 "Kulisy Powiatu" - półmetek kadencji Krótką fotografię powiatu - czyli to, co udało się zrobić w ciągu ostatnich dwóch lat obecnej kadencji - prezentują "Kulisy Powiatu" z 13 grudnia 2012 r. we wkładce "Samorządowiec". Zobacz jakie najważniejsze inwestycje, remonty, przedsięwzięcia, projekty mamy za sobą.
--
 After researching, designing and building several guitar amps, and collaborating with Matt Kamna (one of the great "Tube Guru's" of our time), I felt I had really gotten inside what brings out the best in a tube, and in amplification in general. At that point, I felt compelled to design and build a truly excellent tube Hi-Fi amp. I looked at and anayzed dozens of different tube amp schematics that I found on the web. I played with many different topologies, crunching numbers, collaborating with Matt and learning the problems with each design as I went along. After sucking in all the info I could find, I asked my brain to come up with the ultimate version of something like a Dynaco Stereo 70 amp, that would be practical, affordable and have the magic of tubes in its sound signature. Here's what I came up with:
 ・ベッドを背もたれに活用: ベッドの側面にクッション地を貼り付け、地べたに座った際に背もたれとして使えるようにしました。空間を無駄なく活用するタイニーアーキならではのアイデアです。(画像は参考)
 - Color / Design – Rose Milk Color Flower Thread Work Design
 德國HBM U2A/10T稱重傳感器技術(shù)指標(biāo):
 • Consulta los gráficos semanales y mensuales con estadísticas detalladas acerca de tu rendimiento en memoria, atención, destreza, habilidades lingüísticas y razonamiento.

Activity> Reproduce word for word the material above, starting with the line that has "- Color / Design" and stopping after the line that has "lingüísticas y razonamiento.".

Response>
 - Color / Design – Rose Milk Color Flower Thread Work Design
 德國HBM U2A/10T稱重傳感器技術(shù)指標(biāo):
 • Consulta los gráficos semanales y mensuales con estadísticas detalladas acerca de tu rendimiento en memoria, atención, destreza, habilidades lingüísticas y razonamiento.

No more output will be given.